Those aren't exactly phrases that scream, "I want to learn". They do tend to
be read sarcastically and indicate a lack of belief.

The solution for me was to go to a state school with a good program and work
with a financial aide officer that knew what grants were available. I took out
some loans, but they were minimum and easy to pay back (more because I traded
work-study money for a loan). Many institutions have grants with their price
only being a thank you letter to the organization giving the grant.
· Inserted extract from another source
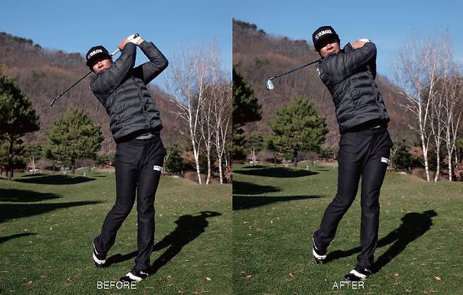 → 임팩트 이후 뿌려주는 동작이 상당히 좋다. 하지만 타이밍이 맞지 않은 상태에서 채찍질하듯 손목을 사용하면 악성 훅, 푸시 볼이 유발될 수 있다.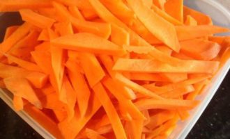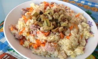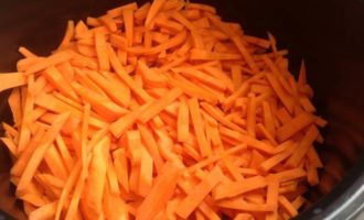 Дальше можно готовить двумя способами: продолжать готовить в сковороде или готовить в мультиварке. Выровнить слой мяса, выложить слоями морковь, цветную капусту и рис.

I should also point out, I received no help from my high school counselor on
applying for financial aide or scholarships. He even cost me a $2,000 per year
scholarship . With that, I would have had no loans or work-study. So, if your
high school is not actually a hinderance, there are multiple sources of income
they can help you with.

------
xiaoma
> _"The National Consumer Law Center, in a July report, said “pursuing the
> most vulnerable borrowers until they die” is inefficient and imposes
> “significant costs to taxpayers.” To help debtors avoid defaulting in the
> first place, the center advocates placing them automatically in repayment
> plans that make the payment a percentage of the borrower’s income rather
> than a certain dollar amount. Under this “income-based repayment,” which the
> Obama administration has pushed, any outstanding debt is forgiven after 20
> or 25 years."_

This sounds a lot like how it works in Australia now. Adding a minimum salary
cutoff below which the debt didn't need to be repaid would make it pretty much
the same.

------
programminggeek
What is fascinating is just how much of the US economy is debt financed. Some
of the biggest industries - education, real estate, banking, construction,
retail (via credit cards) etc. are all basically financed by huge amounts of
debt taken on by either the government or individual citizens. So in effect,
the current economy is built on the future economy's ability to pay for
itself.

It seems to me if this trend isn't reversed, the "Great Recession" is bound to
keep happening simply because people can only borrow so much.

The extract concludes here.